● **SUPPLIED MATERIAL**:

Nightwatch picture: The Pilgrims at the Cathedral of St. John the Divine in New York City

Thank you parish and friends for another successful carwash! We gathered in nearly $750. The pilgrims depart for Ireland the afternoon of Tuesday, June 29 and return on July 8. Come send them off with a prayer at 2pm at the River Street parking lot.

==

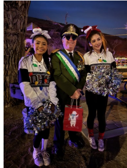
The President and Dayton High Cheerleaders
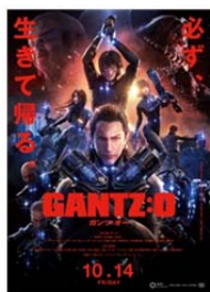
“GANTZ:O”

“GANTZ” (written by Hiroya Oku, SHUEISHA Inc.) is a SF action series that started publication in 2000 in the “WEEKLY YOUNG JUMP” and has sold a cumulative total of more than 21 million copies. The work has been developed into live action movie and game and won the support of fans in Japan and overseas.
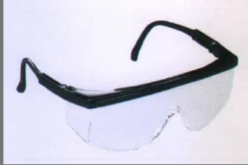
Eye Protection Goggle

...

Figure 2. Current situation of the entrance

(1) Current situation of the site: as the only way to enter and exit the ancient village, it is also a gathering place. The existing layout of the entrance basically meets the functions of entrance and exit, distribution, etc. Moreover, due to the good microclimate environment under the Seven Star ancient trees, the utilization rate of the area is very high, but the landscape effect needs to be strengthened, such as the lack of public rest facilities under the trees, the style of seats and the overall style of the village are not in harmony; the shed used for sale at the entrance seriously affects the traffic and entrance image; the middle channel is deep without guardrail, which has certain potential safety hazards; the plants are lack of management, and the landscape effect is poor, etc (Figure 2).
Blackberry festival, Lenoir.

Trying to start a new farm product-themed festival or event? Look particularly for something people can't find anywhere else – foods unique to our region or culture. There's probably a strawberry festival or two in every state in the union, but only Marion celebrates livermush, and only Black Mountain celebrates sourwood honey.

● **TASK BRIEF**:
Retype exactly, and only, the lines above from the one where "Nightwatch picture: The" occurs up to and including the one where "Thank you parish" occurs.

● **RESPONSE BELOW**:
Nightwatch picture: The Pilgrims at the Cathedral of St. John the Divine in New York City

Thank you parish and friends for another successful carwash! We gathered in nearly $750. The pilgrims depart for Ireland the afternoon of Tuesday, June 29 and return on July 8. Come send them off with a prayer at 2pm at the River Street parking lot.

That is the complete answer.